### WORK ITEM
What is needed is an exact reproduction of the lines in the records below, starting at the line with "如今,已有几篇关于机器人康复" and ending at the line with "Um ornamento subordinado", both included, and nothing else; pictures stay out.
───── GIVEN RECORDS ─────
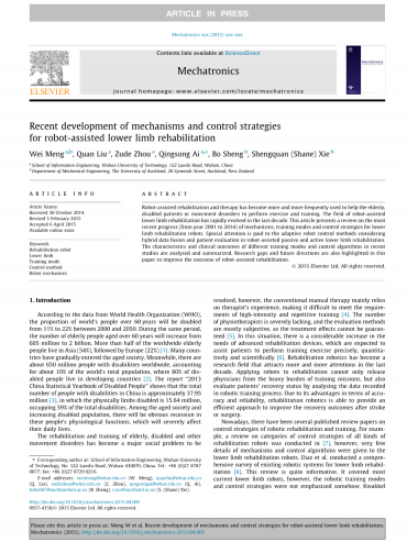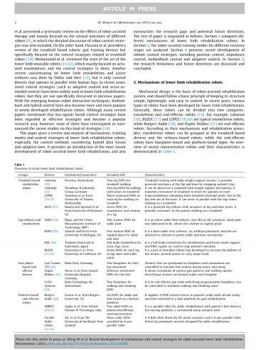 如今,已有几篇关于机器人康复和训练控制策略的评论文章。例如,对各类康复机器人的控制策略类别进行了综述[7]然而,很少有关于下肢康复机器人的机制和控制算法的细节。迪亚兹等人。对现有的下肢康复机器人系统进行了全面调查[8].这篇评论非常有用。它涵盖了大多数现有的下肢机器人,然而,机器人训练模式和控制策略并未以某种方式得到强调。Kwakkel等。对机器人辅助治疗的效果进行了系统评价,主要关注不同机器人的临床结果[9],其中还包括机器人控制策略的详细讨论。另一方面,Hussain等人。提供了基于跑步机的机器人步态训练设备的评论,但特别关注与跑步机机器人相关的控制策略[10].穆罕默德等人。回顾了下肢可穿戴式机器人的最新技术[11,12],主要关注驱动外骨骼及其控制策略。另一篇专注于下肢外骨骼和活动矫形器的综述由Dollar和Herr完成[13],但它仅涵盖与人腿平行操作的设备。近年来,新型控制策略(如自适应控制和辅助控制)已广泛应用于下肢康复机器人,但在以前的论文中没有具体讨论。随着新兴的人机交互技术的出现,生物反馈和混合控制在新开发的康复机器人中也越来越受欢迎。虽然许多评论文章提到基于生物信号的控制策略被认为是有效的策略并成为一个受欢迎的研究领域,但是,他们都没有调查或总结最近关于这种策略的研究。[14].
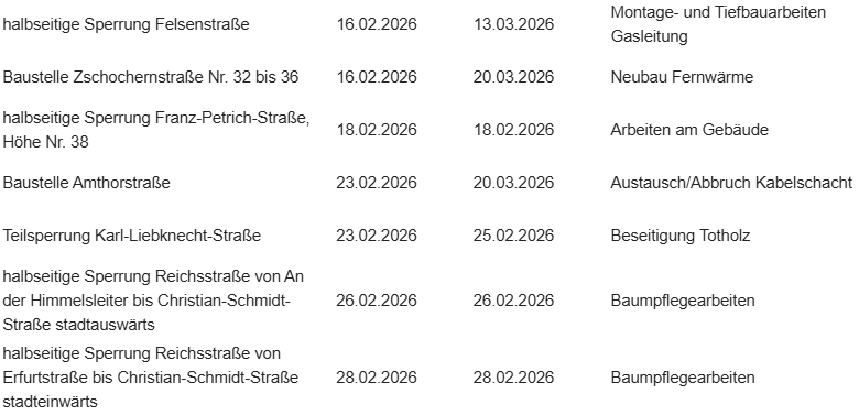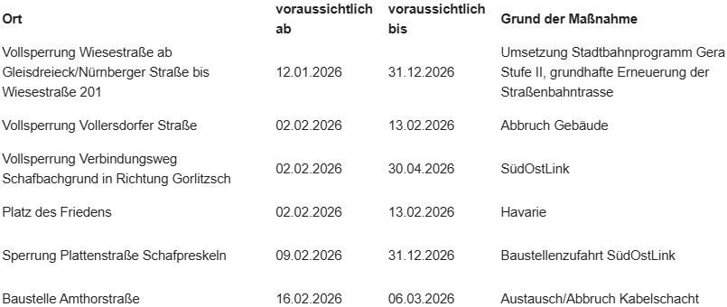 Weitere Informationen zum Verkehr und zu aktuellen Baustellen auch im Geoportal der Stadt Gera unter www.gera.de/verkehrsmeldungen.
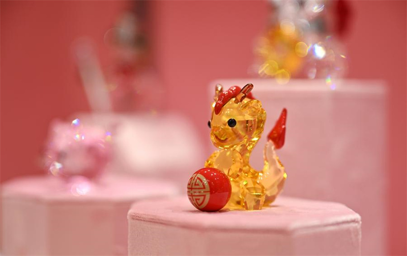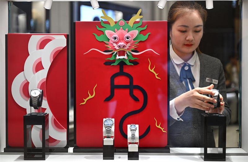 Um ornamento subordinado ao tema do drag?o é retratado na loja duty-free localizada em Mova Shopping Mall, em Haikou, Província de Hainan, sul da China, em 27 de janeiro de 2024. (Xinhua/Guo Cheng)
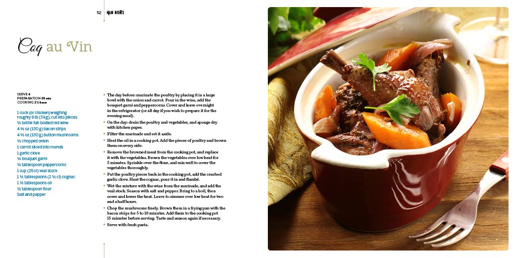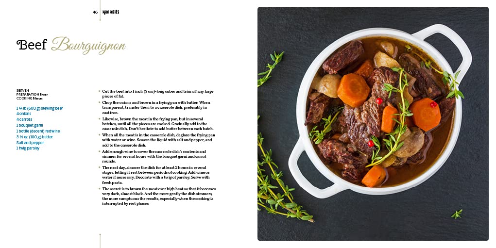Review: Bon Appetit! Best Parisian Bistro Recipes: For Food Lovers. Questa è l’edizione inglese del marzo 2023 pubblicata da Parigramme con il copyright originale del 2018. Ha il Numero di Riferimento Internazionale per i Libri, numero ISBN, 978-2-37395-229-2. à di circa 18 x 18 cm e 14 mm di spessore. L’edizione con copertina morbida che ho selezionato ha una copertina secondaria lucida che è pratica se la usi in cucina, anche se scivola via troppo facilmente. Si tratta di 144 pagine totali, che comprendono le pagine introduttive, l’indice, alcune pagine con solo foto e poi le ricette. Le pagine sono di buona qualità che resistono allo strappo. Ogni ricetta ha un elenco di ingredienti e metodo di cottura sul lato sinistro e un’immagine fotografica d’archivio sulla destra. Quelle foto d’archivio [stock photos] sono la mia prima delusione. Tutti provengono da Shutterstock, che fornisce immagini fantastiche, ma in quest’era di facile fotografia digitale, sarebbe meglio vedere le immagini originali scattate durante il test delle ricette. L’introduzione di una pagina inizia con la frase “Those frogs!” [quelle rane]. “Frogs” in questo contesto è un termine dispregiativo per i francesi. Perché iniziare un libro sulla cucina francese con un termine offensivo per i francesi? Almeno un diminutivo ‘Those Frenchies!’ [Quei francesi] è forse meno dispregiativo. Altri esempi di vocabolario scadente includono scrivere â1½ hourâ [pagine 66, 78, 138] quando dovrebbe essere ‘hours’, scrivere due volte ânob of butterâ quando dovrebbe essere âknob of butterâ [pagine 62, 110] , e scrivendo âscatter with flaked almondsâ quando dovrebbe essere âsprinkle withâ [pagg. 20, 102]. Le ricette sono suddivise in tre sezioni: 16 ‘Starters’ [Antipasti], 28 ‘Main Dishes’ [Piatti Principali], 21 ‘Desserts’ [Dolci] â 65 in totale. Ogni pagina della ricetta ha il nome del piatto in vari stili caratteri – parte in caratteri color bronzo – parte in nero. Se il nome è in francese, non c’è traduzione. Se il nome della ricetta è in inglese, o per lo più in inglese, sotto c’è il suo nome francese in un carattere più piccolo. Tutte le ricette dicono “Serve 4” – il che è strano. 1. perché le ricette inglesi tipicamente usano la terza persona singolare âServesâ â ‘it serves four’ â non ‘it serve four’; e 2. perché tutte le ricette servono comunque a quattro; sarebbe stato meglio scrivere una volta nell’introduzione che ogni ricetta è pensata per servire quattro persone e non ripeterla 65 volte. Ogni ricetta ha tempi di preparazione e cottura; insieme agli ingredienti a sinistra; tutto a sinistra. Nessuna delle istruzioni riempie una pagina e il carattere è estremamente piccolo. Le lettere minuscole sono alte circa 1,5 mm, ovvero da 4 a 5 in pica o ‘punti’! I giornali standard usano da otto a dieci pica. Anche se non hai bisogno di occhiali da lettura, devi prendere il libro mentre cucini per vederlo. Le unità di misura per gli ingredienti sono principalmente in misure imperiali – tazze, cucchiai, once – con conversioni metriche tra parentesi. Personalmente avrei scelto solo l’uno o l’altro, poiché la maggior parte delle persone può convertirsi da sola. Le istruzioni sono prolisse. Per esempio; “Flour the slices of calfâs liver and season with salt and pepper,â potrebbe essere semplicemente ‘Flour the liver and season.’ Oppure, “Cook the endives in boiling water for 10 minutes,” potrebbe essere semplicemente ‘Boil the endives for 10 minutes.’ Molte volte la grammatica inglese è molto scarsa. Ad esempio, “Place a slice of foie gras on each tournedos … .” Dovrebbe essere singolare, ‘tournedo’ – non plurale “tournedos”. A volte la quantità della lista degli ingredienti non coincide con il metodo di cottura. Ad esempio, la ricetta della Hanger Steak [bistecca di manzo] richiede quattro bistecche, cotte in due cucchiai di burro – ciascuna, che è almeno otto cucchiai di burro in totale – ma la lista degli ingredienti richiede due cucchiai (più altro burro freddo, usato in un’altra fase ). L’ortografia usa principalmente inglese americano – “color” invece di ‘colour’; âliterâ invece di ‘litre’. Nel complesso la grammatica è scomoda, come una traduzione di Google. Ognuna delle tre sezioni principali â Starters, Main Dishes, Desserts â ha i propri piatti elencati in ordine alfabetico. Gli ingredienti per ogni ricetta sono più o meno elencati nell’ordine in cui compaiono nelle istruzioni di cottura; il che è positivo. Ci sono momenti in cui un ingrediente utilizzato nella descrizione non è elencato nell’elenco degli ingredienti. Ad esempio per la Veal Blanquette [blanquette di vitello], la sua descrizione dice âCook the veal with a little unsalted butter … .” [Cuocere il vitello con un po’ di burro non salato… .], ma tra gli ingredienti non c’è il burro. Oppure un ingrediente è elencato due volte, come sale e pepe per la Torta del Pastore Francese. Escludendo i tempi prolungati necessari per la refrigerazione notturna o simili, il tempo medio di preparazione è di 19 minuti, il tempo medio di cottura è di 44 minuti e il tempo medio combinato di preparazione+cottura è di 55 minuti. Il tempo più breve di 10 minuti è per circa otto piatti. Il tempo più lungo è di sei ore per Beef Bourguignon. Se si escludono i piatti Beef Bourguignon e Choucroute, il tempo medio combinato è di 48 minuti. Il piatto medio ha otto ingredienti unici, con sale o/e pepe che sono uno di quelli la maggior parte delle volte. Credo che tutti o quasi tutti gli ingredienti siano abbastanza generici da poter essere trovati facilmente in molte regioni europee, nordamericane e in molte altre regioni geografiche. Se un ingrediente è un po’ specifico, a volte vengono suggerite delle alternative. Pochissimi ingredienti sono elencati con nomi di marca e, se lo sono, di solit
─────
───── GIVEN RECORDS ─────
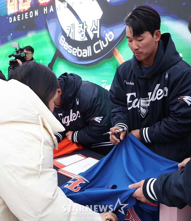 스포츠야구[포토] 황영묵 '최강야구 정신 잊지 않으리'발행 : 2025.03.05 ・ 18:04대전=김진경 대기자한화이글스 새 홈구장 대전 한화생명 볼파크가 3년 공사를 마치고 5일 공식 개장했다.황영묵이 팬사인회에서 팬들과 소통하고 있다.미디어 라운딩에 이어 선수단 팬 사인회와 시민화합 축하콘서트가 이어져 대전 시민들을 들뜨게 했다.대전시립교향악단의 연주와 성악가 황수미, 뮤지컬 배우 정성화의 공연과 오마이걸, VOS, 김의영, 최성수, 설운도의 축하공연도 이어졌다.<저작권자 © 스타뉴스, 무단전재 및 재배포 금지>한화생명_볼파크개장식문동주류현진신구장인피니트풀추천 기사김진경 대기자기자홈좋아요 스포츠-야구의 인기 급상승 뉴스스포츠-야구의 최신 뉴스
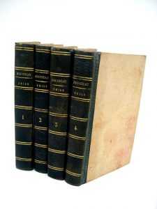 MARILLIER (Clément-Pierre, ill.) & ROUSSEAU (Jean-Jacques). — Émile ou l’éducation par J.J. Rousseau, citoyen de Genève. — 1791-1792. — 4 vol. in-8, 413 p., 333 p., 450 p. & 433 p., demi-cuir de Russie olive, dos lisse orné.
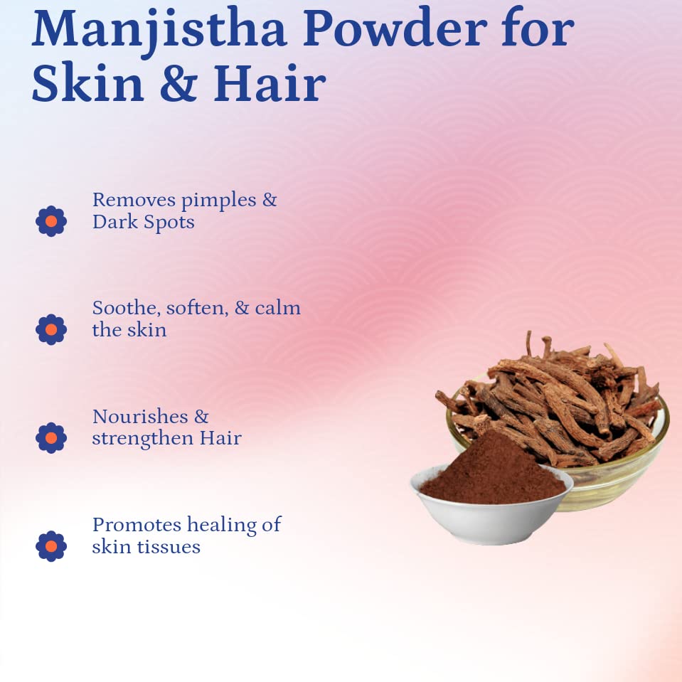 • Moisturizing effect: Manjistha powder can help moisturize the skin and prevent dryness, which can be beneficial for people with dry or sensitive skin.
─────
### OUTPUT FOR THIS EXERCISE
 如今,已有几篇关于机器人康复和训练控制策略的评论文章。例如,对各类康复机器人的控制策略类别进行了综述[7]然而,很少有关于下肢康复机器人的机制和控制算法的细节。迪亚兹等人。对现有的下肢康复机器人系统进行了全面调查[8].这篇评论非常有用。它涵盖了大多数现有的下肢机器人,然而,机器人训练模式和控制策略并未以某种方式得到强调。Kwakkel等。对机器人辅助治疗的效果进行了系统评价,主要关注不同机器人的临床结果[9],其中还包括机器人控制策略的详细讨论。另一方面,Hussain等人。提供了基于跑步机的机器人步态训练设备的评论,但特别关注与跑步机机器人相关的控制策略[10].穆罕默德等人。回顾了下肢可穿戴式机器人的最新技术[11,12],主要关注驱动外骨骼及其控制策略。另一篇专注于下肢外骨骼和活动矫形器的综述由Dollar和Herr完成[13],但它仅涵盖与人腿平行操作的设备。近年来,新型控制策略(如自适应控制和辅助控制)已广泛应用于下肢康复机器人,但在以前的论文中没有具体讨论。随着新兴的人机交互技术的出现,生物反馈和混合控制在新开发的康复机器人中也越来越受欢迎。虽然许多评论文章提到基于生物信号的控制策略被认为是有效的策略并成为一个受欢迎的研究领域,但是,他们都没有调查或总结最近关于这种策略的研究。[14].
 Weitere Informationen zum Verkehr und zu aktuellen Baustellen auch im Geoportal der Stadt Gera unter www.gera.de/verkehrsmeldungen.
 Um ornamento subordinado ao tema do drag?o é retratado na loja duty-free localizada em Mova Shopping Mall, em Haikou, Província de Hainan, sul da China, em 27 de janeiro de 2024. (Xinhua/Guo Cheng)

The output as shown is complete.